What to produce ::
Retype the listing exactly, minus its pictures.

Recorded information ::
%%
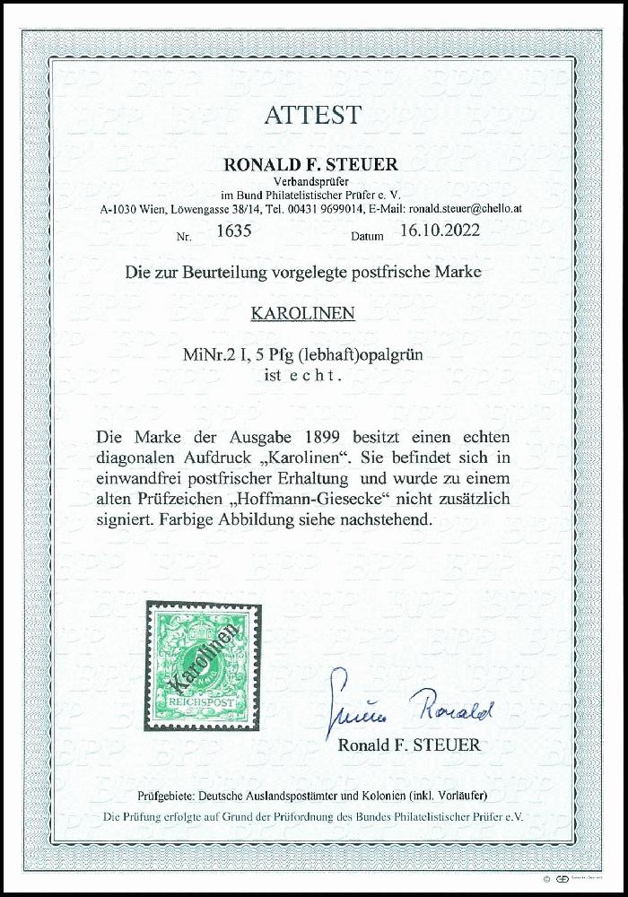 | Zusatzinformationen und Suchstichworte: | Dr. Reinhard Fischer 190. Auktion 27. - 28. Januar 2023 Los 80 Deutsche Kolonien Karolinen 5 Pfg Krone/Adler mit diagonalem Aufdruck "Karolinen", tadellos postfrisch, in dieser Qualität eine seltene Marke, gepr. Hoffmann-Giesecke und Fotoattest Steuer BPP (2022): "in einwandfrei postfrischer Erhaltung.", Mi. 2.000.- in unserer 180. Auktion erzielten wir für eine Marke in gleicher Qualität 850.- Euro zzgl. Aufgeld Ausruf 600,00 EUR |
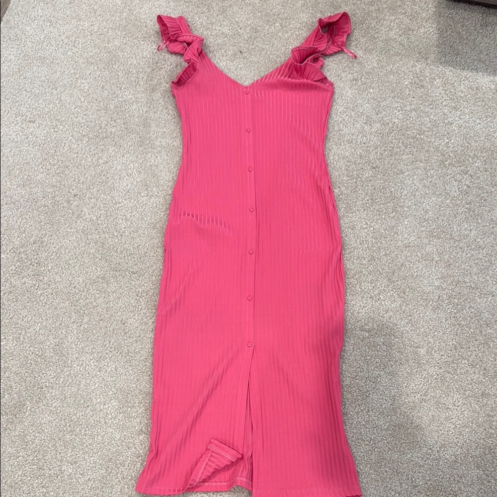 Step out in style with this pink dress featuring charming ruffle straps. Perfect for any occasion. Size M, has stretch
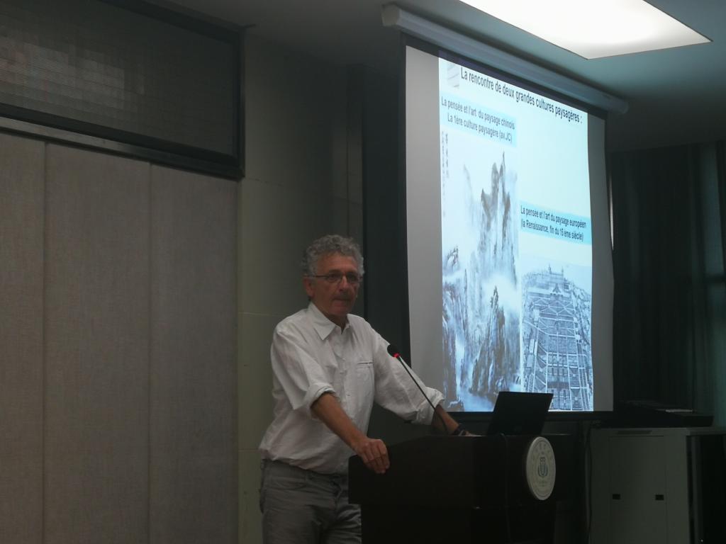 Bernard Brunet先生结合实践经验和研究成果,理论联系实际,为在场师生分享了以景观思维如何在欧洲发展以及景观如何囊括了生态学、美学等专业为主要内容的学术报告;首先论述了中国与欧洲景观思维的差异性以及相互融合的同一性,接着解释了景观学的定义及学科范围,从欧洲历史概述景观学的发展历程(巴比伦空中花园到景观融入城市规划),介绍了不同的景观设计学派。重点提出,设计应遵循“生态学”各项原则,用生态学原理说服政治家、建筑设计师等的必要性。其次,与Laurent Guoyou Beauchamps先生对与我校合作的CIEPT课程从课程安排到计划为低调jrs看球app 师生进行详尽解说。报告完毕后,本院师生与教授进行了交流互动,报告在全体师生的热烈掌声中落下帷幕。
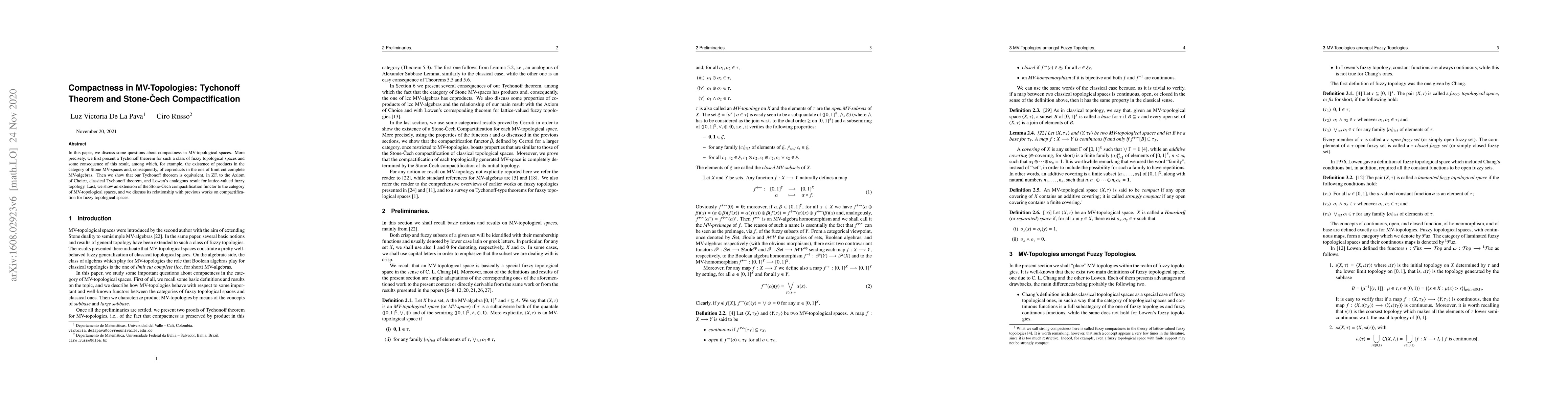 In this paper, we discuss some questions about compactness in MV-topological spaces. More precisely, we first present a Tychonoff theorem for such a class of fuzzy topological spaces and some consequence of this result, among which, for example, the existence of products in the category of Stone MV-spaces and, consequently, of coproducts in the one of limit cut complete MV-algebras. Then we show that our Tychonoff theorem is equivalent, in ZF, to the Axiom of Choice, classical Tychonoff theorem, and Lowen's analogous result for lattice-valued fuzzy topology. Last, we show an extension of the Stone-Cech compactification functor to the category of MV-topological spaces, and we discuss its relationship with previous works on compactification for fuzzy topological spaces.
%%
Exercise answer ::
 | Zusatzinformationen und Suchstichworte: | Dr. Reinhard Fischer 190. Auktion 27. - 28. Januar 2023 Los 80 Deutsche Kolonien Karolinen 5 Pfg Krone/Adler mit diagonalem Aufdruck "Karolinen", tadellos postfrisch, in dieser Qualität eine seltene Marke, gepr. Hoffmann-Giesecke und Fotoattest Steuer BPP (2022): "in einwandfrei postfrischer Erhaltung.", Mi. 2.000.- in unserer 180. Auktion erzielten wir für eine Marke in gleicher Qualität 850.- Euro zzgl. Aufgeld Ausruf 600,00 EUR |
 Step out in style with this pink dress featuring charming ruffle straps. Perfect for any occasion. Size M, has stretch
 Bernard Brunet先生结合实践经验和研究成果,理论联系实际,为在场师生分享了以景观思维如何在欧洲发展以及景观如何囊括了生态学、美学等专业为主要内容的学术报告;首先论述了中国与欧洲景观思维的差异性以及相互融合的同一性,接着解释了景观学的定义及学科范围,从欧洲历史概述景观学的发展历程(巴比伦空中花园到景观融入城市规划),介绍了不同的景观设计学派。重点提出,设计应遵循“生态学”各项原则,用生态学原理说服政治家、建筑设计师等的必要性。其次,与Laurent Guoyou Beauchamps先生对与我校合作的CIEPT课程从课程安排到计划为低调jrs看球app 师生进行详尽解说。报告完毕后,本院师生与教授进行了交流互动,报告在全体师生的热烈掌声中落下帷幕。
 In this paper, we discuss some questions about compactness in MV-topological spaces. More precisely, we first present a Tychonoff theorem for such a class of fuzzy topological spaces and some consequence of this result, among which, for example, the existence of products in the category of Stone MV-spaces and, consequently, of coproducts in the one of limit cut complete MV-algebras. Then we show that our Tychonoff theorem is equivalent, in ZF, to the Axiom of Choice, classical Tychonoff theorem, and Lowen's analogous result for lattice-valued fuzzy topology. Last, we show an extension of the Stone-Cech compactification functor to the category of MV-topological spaces, and we discuss its relationship with previous works on compactification for fuzzy topological spaces.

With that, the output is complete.